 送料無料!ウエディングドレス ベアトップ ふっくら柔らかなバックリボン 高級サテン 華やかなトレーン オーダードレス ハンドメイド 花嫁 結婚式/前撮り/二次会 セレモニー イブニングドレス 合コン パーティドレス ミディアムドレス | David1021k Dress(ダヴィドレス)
=-=-=
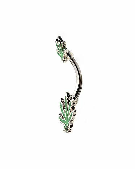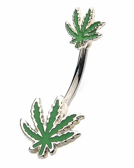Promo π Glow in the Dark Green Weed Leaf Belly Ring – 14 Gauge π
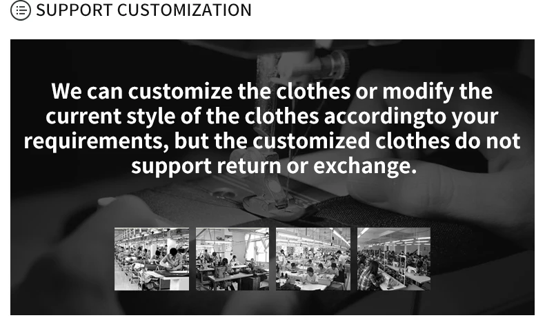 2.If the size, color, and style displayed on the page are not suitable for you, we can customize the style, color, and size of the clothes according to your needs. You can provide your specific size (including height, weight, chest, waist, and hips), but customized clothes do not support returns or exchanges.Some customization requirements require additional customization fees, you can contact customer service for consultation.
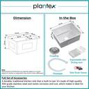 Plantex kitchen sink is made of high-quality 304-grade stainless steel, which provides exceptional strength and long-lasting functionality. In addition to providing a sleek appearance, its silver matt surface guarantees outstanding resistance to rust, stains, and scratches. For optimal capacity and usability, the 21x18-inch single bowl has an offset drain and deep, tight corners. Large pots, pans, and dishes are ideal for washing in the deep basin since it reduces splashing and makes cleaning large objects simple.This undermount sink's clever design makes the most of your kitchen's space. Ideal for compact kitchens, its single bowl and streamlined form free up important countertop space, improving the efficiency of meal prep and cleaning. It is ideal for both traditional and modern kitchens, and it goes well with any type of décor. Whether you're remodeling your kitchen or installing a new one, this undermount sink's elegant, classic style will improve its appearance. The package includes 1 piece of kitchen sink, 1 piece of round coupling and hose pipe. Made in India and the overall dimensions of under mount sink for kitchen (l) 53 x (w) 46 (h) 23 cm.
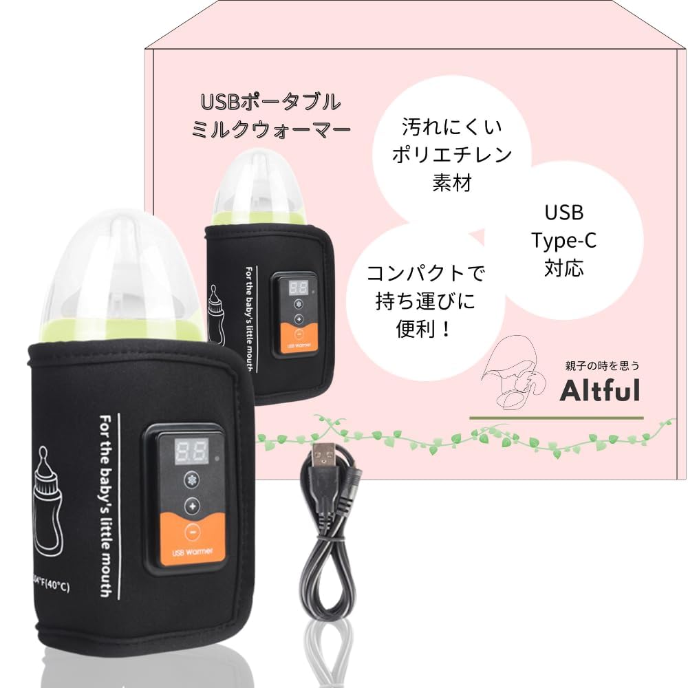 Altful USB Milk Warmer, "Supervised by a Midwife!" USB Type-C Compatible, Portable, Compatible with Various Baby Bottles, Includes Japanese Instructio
=-=-=
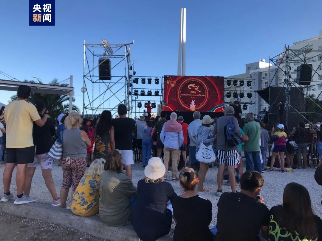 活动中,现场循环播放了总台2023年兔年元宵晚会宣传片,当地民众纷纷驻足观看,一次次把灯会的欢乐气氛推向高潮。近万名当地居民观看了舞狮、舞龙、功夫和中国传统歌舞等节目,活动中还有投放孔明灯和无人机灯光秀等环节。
=-=-=
# Your objective:
From the listing above, repeat only the lines between the line containing "Promo π Glow" and the line containing "2.If the size, color, and", those two included. Pictures are not part of the copy.

# Answer below:
Promo π Glow in the Dark Green Weed Leaf Belly Ring – 14 Gauge π
 2.If the size, color, and style displayed on the page are not suitable for you, we can customize the style, color, and size of the clothes according to your needs. You can provide your specific size (including height, weight, chest, waist, and hips), but customized clothes do not support returns or exchanges.Some customization requirements require additional customization fees, you can contact customer service for consultation.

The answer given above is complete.